Tretjak looked at his watch. He still had time for a cup of coffee with Mrs Jedlitschka in her parlour. Then he would get going. He had a date. He smiled when he felt below the belt of his jeans to make sure his swimming trunks were there. He had received a text message from Ms Neustadt yesterday:

Can you let go of the controls for once? I too want to show you something. For that I need only one star: the sun. And four hours of your time, in the afternoon. What do you think?

He had suggested this afternoon and she had agreed promptly:
2pm. Parking lot of the Icking Riding School.

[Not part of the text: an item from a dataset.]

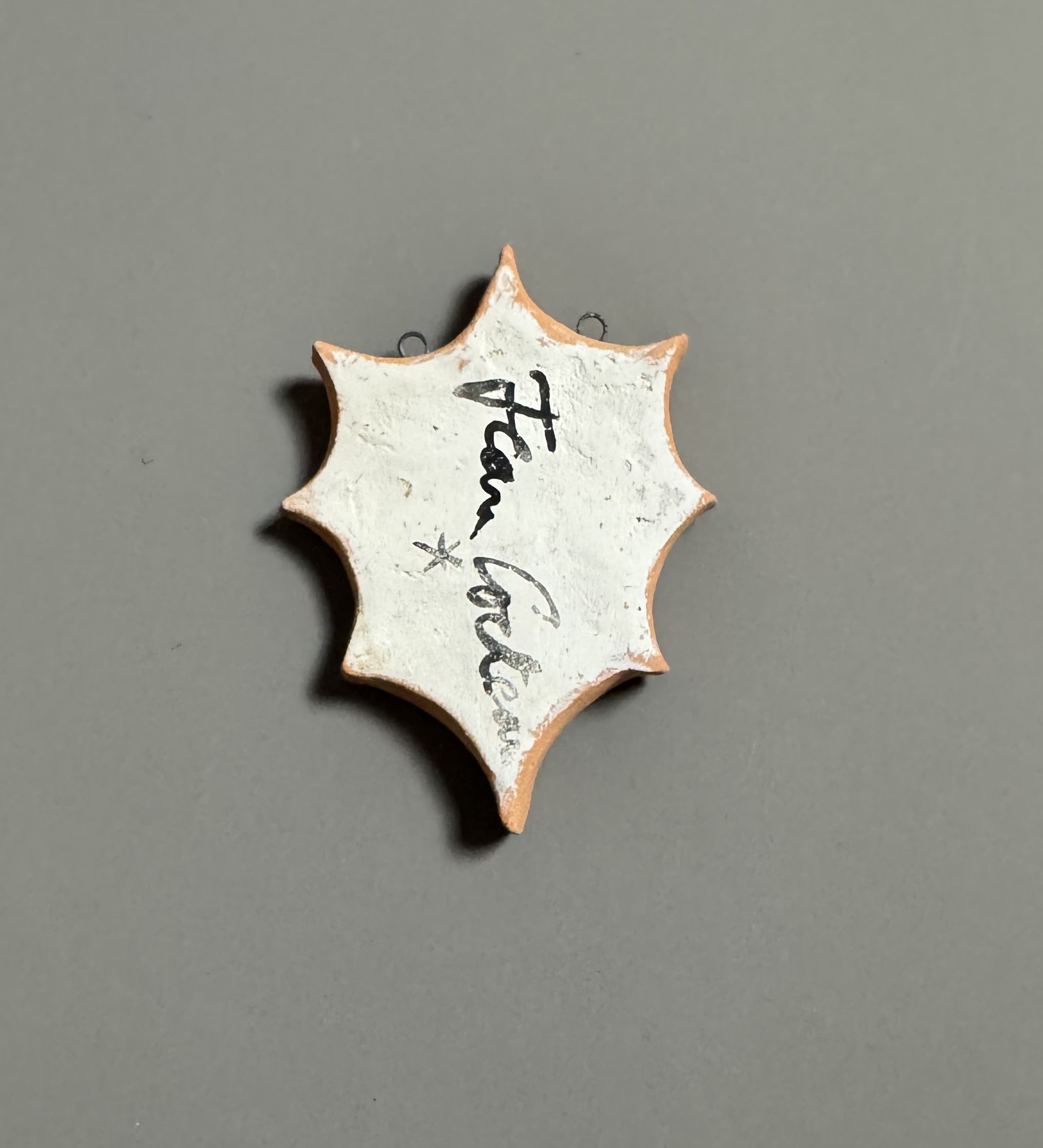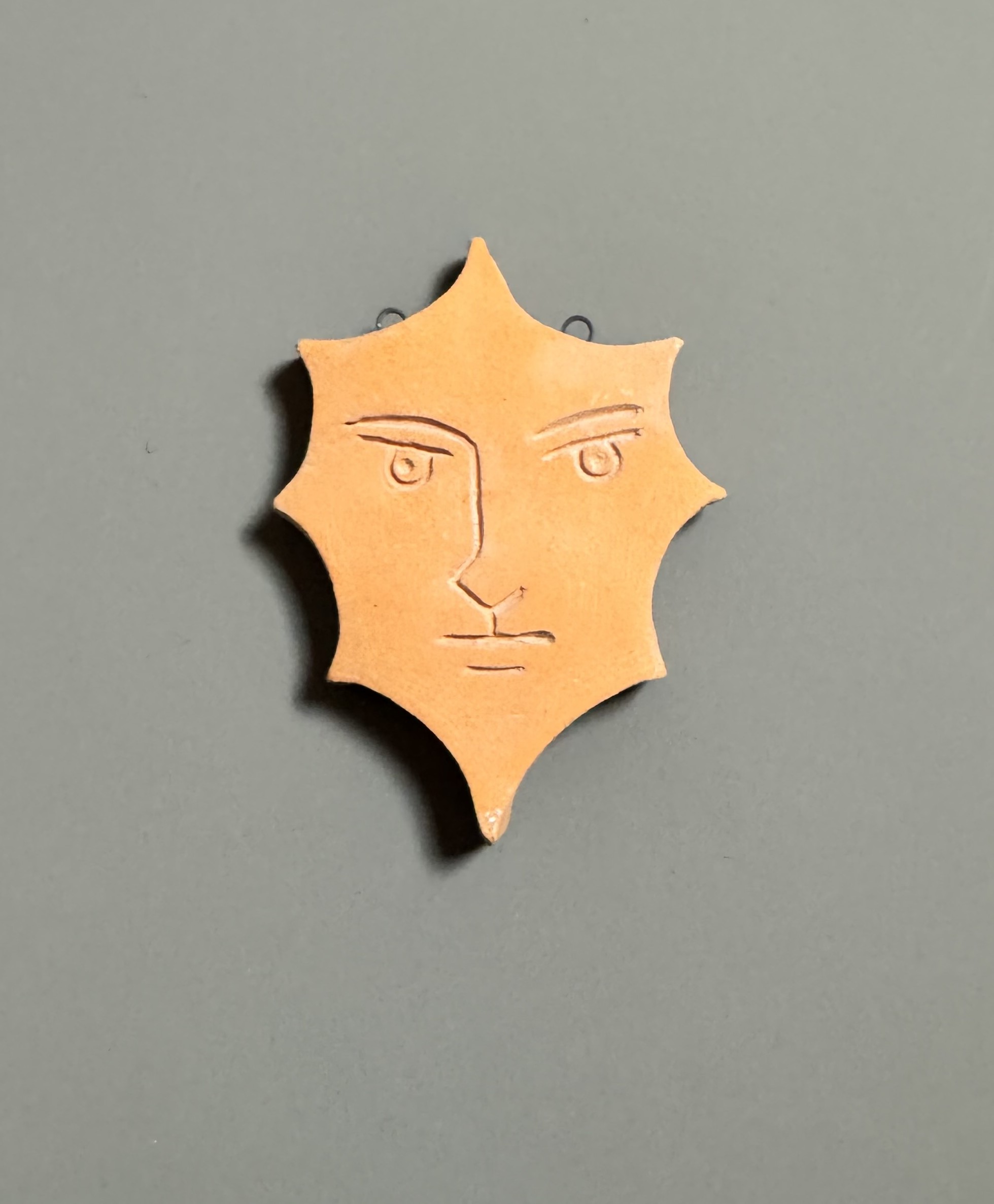 Octagonal pendant made from a cut-out red earthenware plate, featuring a stylized face in relief. Signed 'Jean Cocteau' on the back. Dimensions: 6.8 x 5 cm.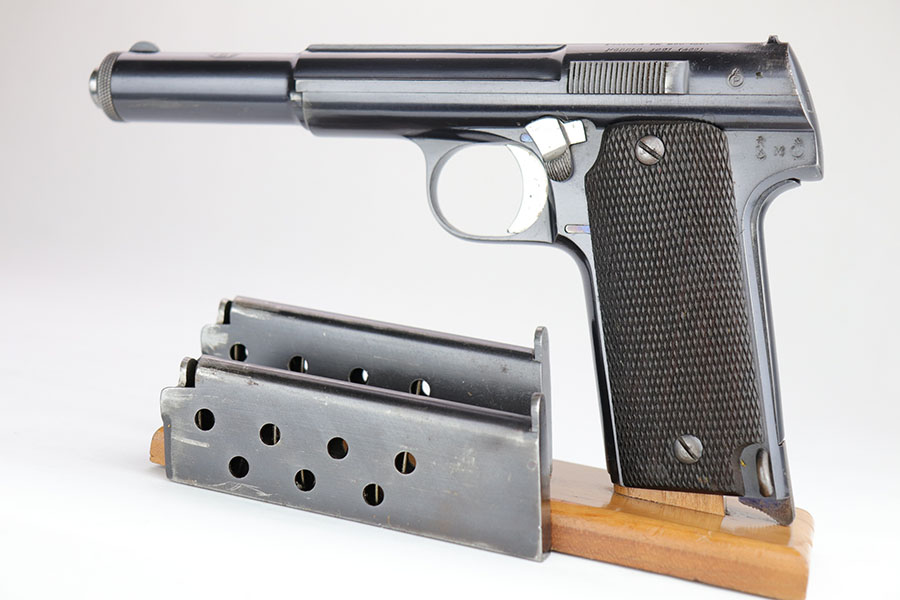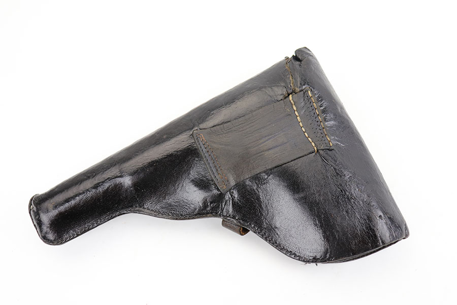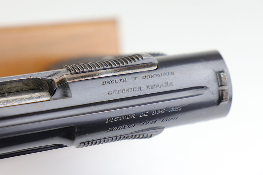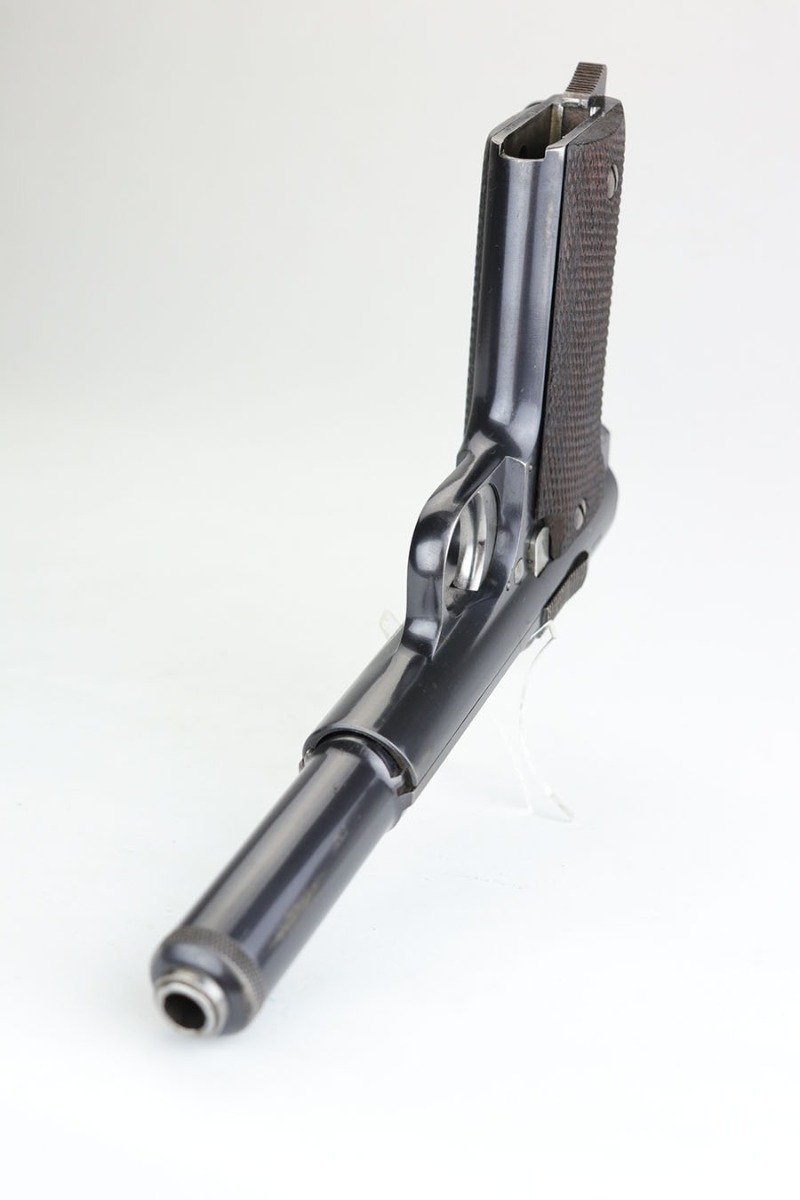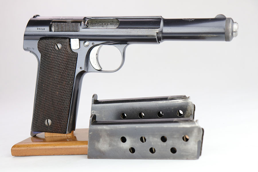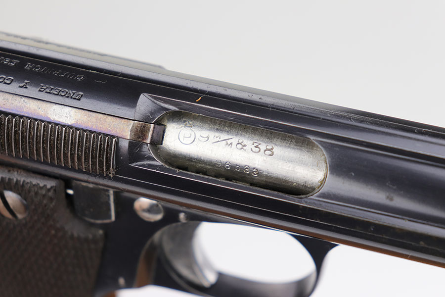3/31/20 – This is a terrific example of a rare Nazi contract pistol rig – the Spanish Astra 400. There were only ~6,000 Astra 400’s produced for the Nazi contract, all in 1941, as evidenced by the Awschalom factory letter which detailed the serial range for this contract. This pistol is fully original and correct with about 97% blue remaining. There is some standard high edge wear, as well as some edge thinning on the trigger guard and rear left portion of the slide. Rig includes two original magazines. Grips are in great shape with only minor handling wear. Rig is complete with an ersatz holster that appears to be from the time period and fits the gun well.

Wear your swimming trunks underneath your clothes.

Icking was not far from the Jedlitschka Farm. The route led from Lake Starnberg to the Isar Valley in an almost straight line on small roads over gentle hills. Tretjak was in a good mood, and nervous again, but for a much more pleasant reason. When he entered the village from the hill above he got a message on his mobile. He assumed it was from Ms Neustadt, maybe saying she was late. He decided he would turn off the phone later. For now he looked at the display. To his surprise, he had received only a photograph. Sender unknown. What he saw in the picture, however, was familiar to him. It was an image of his own office, taken from inside it, obviously today. The computer had already been removed, that could be seen clearly. On the Van Eek table stood the vase with the many-coloured roses, which had been sent under such mysterious circumstances.

Tretjak became annoyed, following the instructions of this navigational system. Icking stretched over a long hill. Beautiful villas, old farmhouses, two schools, one church. At the bottom, already in the forest and near the Isar dam, was the riding school. In the parking lot stood a big Mercedes, a parked horse box – and an older green Golf, with a fairly big, military-grey dinghy balancing on its roof. Ms Neustadt was leaning against this vehicle. Brown Bermuda shorts, white tee-shirt, straw hat. When she saw Tretjak's car, she waved.